### WHAT YOU WILL DO
Scan the records below for the line with "石头，这个村庄最不起眼的成员" and the line with "Esta semana se". Repeat those two lines and every line between them exactly, and nothing else.

##### EXERCISE DATA #####

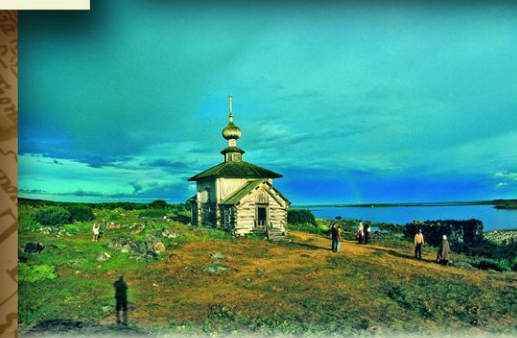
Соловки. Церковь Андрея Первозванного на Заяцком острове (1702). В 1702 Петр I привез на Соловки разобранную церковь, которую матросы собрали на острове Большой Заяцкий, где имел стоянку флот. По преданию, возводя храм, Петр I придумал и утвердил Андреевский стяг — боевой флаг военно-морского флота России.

#####
##### EXERCISE DATA #####

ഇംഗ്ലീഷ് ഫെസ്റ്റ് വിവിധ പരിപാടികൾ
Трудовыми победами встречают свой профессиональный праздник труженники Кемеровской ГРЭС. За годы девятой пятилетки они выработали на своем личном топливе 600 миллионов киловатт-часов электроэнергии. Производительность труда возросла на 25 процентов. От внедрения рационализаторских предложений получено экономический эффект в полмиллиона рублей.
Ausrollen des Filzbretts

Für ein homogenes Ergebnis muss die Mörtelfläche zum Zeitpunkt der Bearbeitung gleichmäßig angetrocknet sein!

#####
##### EXERCISE DATA #####

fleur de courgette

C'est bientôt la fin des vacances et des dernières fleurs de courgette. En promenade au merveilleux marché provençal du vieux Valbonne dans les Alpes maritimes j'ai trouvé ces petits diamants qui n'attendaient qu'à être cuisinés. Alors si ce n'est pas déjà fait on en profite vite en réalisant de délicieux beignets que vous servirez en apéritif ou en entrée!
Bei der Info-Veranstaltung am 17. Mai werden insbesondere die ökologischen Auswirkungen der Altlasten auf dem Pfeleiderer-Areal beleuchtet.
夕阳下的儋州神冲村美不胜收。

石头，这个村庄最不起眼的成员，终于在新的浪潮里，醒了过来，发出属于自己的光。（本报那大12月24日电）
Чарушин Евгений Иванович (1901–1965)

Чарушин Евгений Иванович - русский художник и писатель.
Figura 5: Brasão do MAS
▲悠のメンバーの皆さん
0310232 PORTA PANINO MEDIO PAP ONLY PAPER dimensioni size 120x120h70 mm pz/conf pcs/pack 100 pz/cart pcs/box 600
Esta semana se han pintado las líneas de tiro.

#####

### TASK RESULT
石头，这个村庄最不起眼的成员，终于在新的浪潮里，醒了过来，发出属于自己的光。（本报那大12月24日电）
Чарушин Евгений Иванович (1901–1965)

Чарушин Евгений Иванович - русский художник и писатель.
Figura 5: Brasão do MAS
▲悠のメンバーの皆さん
0310232 PORTA PANINO MEDIO PAP ONLY PAPER dimensioni size 120x120h70 mm pz/conf pcs/pack 100 pz/cart pcs/box 600
Esta semana se han pintado las líneas de tiro.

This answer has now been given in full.